Could you give back exactly the lines below from the one with "实践活动部分是参观爱国主义基" through the one with "Small LD brand", without a single picture?

> _RECORD EXCERPTS_
^^^^
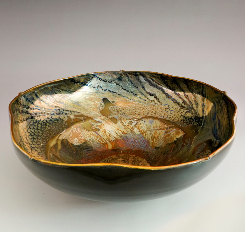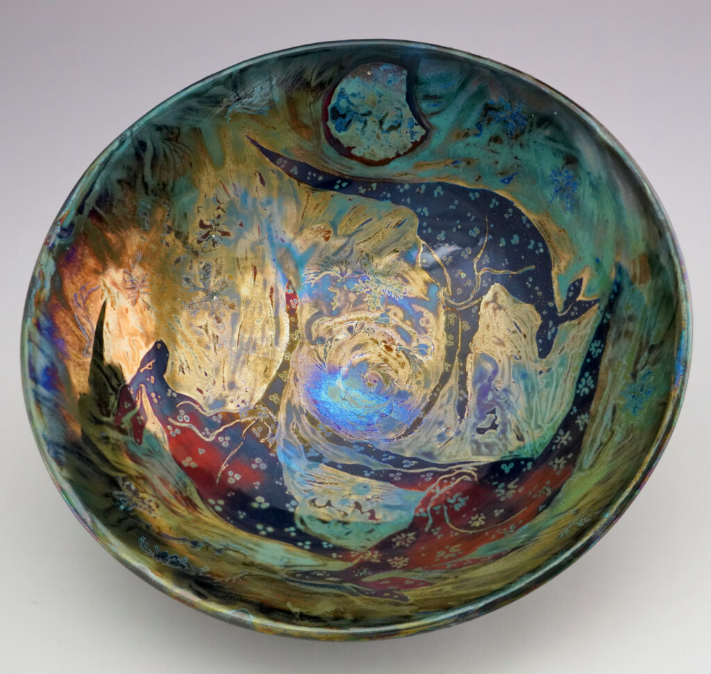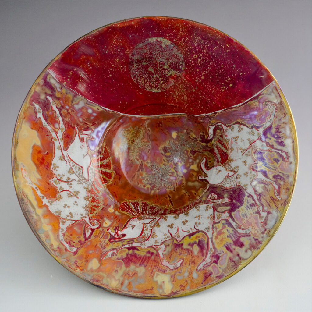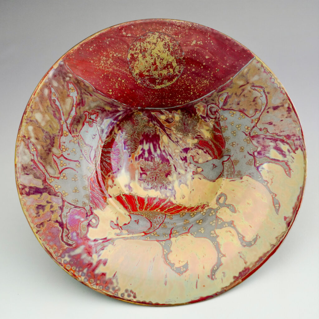 Fox and Hares 2006 (33cms x 9cms)Fox and Hares 2006 (31cms x 8cms) Lyrebird Charger 2006 (36cms x 8cms)Moonlight and Hares 2008 (36cms x 7cms)Three Graces 2017 (27cms x 11cms)Three Graces 2017 (27cms x 11cms)Three Finches Bowl 2006 (23cms x 8cms)Rainforest Charger 2013 (37cms x 12cms)Fish and World 2013 (36cms x 14cms)Running ‘Roos Bowl 2008Diving Cormorant 2013 (25cms x 7cms)Three Grotesque Fish 2022 (28cs x 10cms)Gazelle Ewer 2020 (34cmx x 12cms)Sirens Ewer 2022 (35cms x 22cms)Running Boars Ewer 2022 (36cms x 19cms)Grotesque Fish Ewer 2020 (37cms x 20cms)Lion Lustre Ewer 2020 (26cms x 26cms)Fierce Leopard Lustre Ewer 2023 (25cms x 21cms)Orvieto Sirena with Mirror 2025 (37cms x 35cms)Grotesque Fish Plate 2022 (24cms x 4cms)Four Rainforest Birds 2025 (28cms x 8cms)
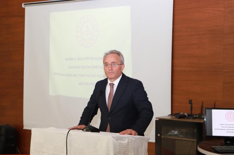 İl Milli Eğitim Müdürü Dr. Ahmet Alireisoğlu konuşmasında şunları söyledi: "Geleceğimizin teminatı olan çocuklarımız bizlere emanet. Değerli Meslektaşlarım, okulun ilk günü, ilk motivasyonu sizlerin cümlelerinizle başlar. Öğrenciyi motive etmek, güzel temennilerle, onlara iyi dersler dileyerek, başlamak sizin ilk değerlendirdiğiniz potansiyel ve fırsattır. Yönetici olarak bir okula başladığınızda veli, öğretmen ve öğrenci sizin için beyaz bir sayfa açar. Vatandaşın memnuniyetini mutluluğunu, çocuğun varoluşunu destekleyin, besleyin. Çünkü bu bir ekip işi. Aynı zamanda öğretmenlerimiz de bize emanet. Onların motivasyonu, onların değerli ve kıymetli hissedildiği bir alanda çalışma istekleri ve çalışmaları siz okul müdürlerimizin liderliğine emanet edilmiş bir durum. Okullarımızda güven ortamını inşa etmeliyiz. Dolayısıyla bizim en büyük sermayemiz oluşturduğumuz güvendir. Türkiye Yüzyılı Maarif Modeli ile yeni müfredatımızda öğrenci odaklı bir yaklaşım benimsenmiştir. Yeni müfredatımız, temelinde beceri eğitimi yer alan bir yapı oluşturularak sadeleştirilmiştir. Yeni müfredat, çocukların oynamasını, okumasını ve sosyalleşmesini desteklerken, günümüzün gerektirdiği kavramlarla güncellenmiştir. Bursa’daki eğitime yön veren tüm yöneticilere başarılar diliyor ve emekleri ile fedakârlıkları için teşekkür ediyorum.”
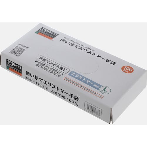 【CAINZ-DASH】トラスコ中山 使い捨てエラストマー手袋 内エンボス Lサイズ (100枚入) TPE-1007L【別送品】
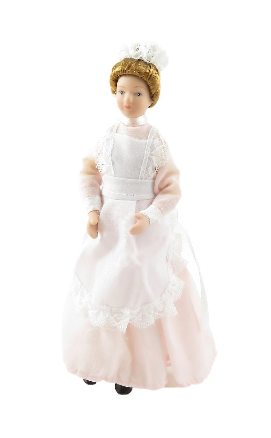 Dolls House Victorian Parlour Maid Woman Lady Servant In Pink Porcelain People
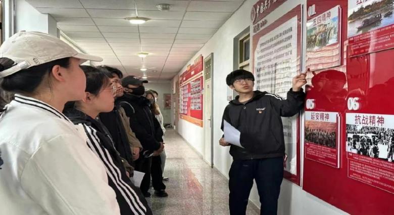 实践活动部分是参观爱国主义基地:文法学院中国共产党人精神谱系展、廉洁文化长廊——“赓续红色血脉,培养时代新人”主题活动。入党积极分子集体观摩学习中国共产党在领导人民进行新民主主义革命的伟大实践中,形成的以民族独立和人民解放为核心的伟大民族革命精神,例如:“红船精神”,井冈山精神,苏区精神,长征精神等。文法学院廉洁文化长廊充分发挥专业特色,深挖法治建设和传统文化中的廉洁元素,学院组织积极分子们参观长廊并聆听讲解,激励积极分子们做到廉洁教育记心间,廉洁文化润心田。
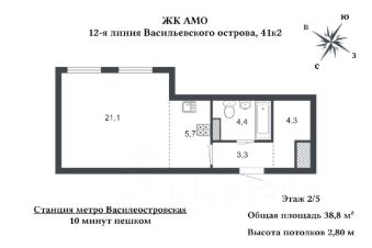Продается квартира - студия в премиальном ЖК АМО
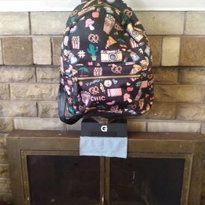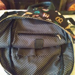 Small LD brand backpack (exterior black) (interior small polka dot black &white)
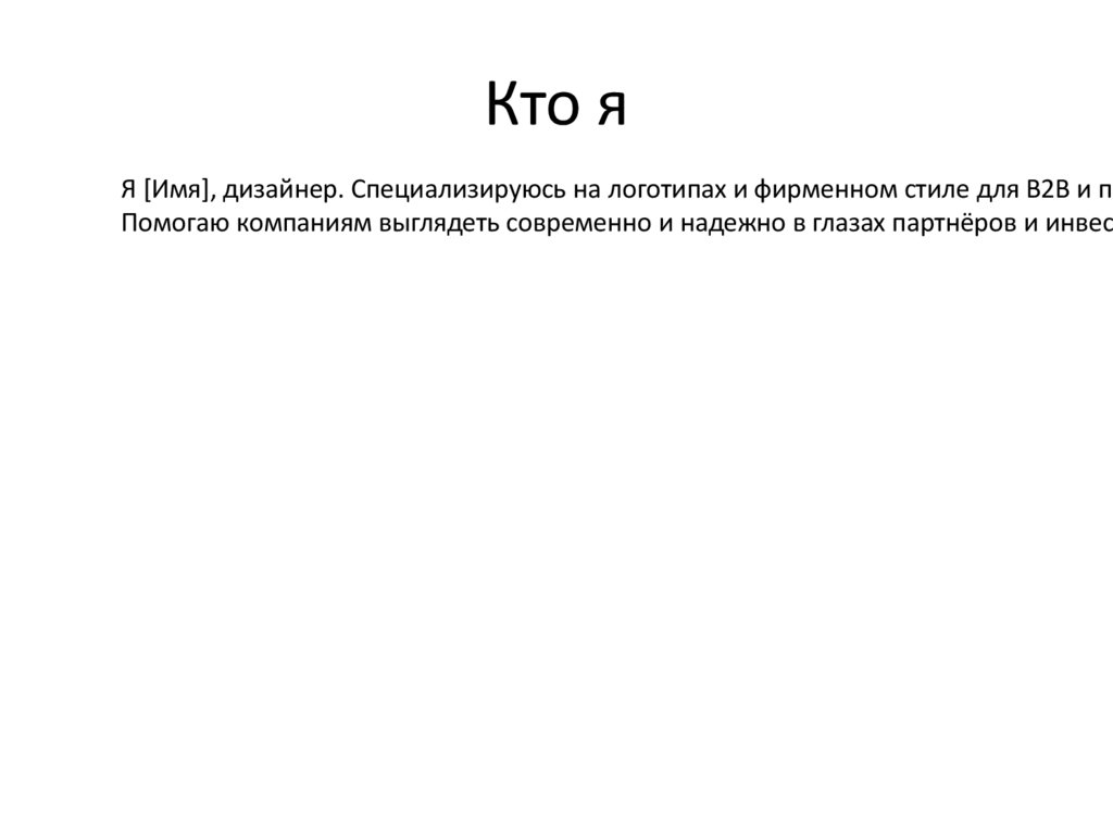 Кто яЯ [Имя], дизайнер. Специализируюсь на логотипах и фирменном стиле для B2B и пр
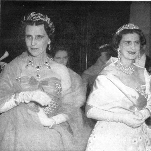 Queen Olga of Yugoslavia, wearing her grandmother's ruby tiara, alongside her sister, Marina, Duchess of Kent, photo early 1960s.
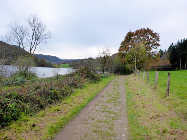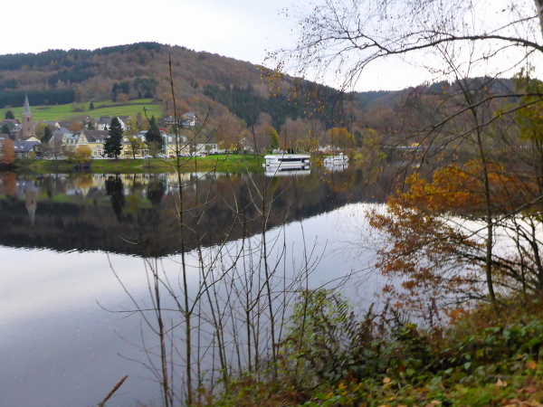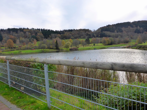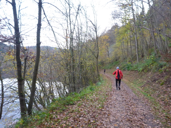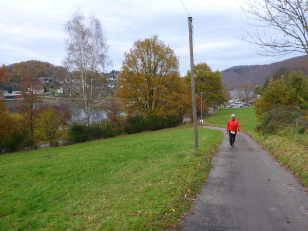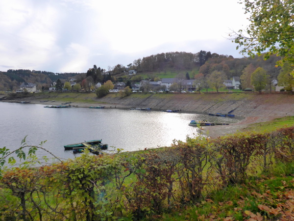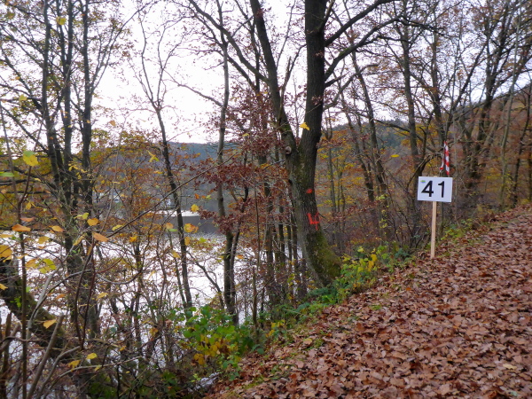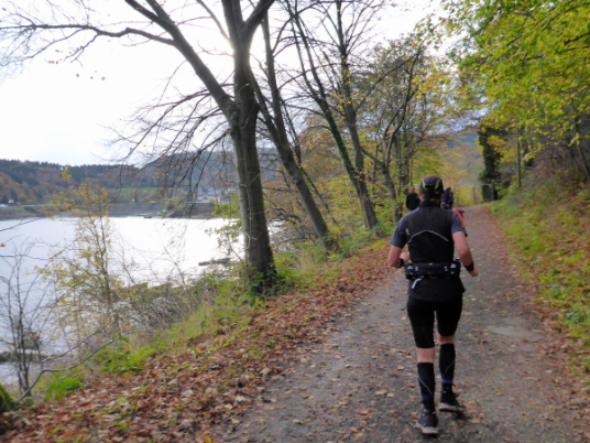 Bei km 36 erreichen wir die Uferpromenade von Rurberg. Hier sind viele Spaziergänger unterwegs. Auf den letzten Kilometern war es wunderbar ruhig, so dass mich die Menschenmassen etwas überfordern. Auch die Autofahrer haben Probleme, beim Ausparken die Läufer auf dem Gehweg nicht zu übersehen. Ich bin froh, als wir den Eiserbachdamm erreichen. Er staut den kleinen Eiserbach zum Eiserbachsee. Wer steht wieder hier und feuert uns an? Natürlich die Freunde von „Maike“ nun bereits zum dritten Mal. Sie haben heute ihren eigenen Marathon.
^^^^
> _ANSWER TO THIS TASK_
 实践活动部分是参观爱国主义基地:文法学院中国共产党人精神谱系展、廉洁文化长廊——“赓续红色血脉,培养时代新人”主题活动。入党积极分子集体观摩学习中国共产党在领导人民进行新民主主义革命的伟大实践中,形成的以民族独立和人民解放为核心的伟大民族革命精神,例如:“红船精神”,井冈山精神,苏区精神,长征精神等。文法学院廉洁文化长廊充分发挥专业特色,深挖法治建设和传统文化中的廉洁元素,学院组织积极分子们参观长廊并聆听讲解,激励积极分子们做到廉洁教育记心间,廉洁文化润心田。
Продается квартира - студия в премиальном ЖК АМО
 Small LD brand backpack (exterior black) (interior small polka dot black &white)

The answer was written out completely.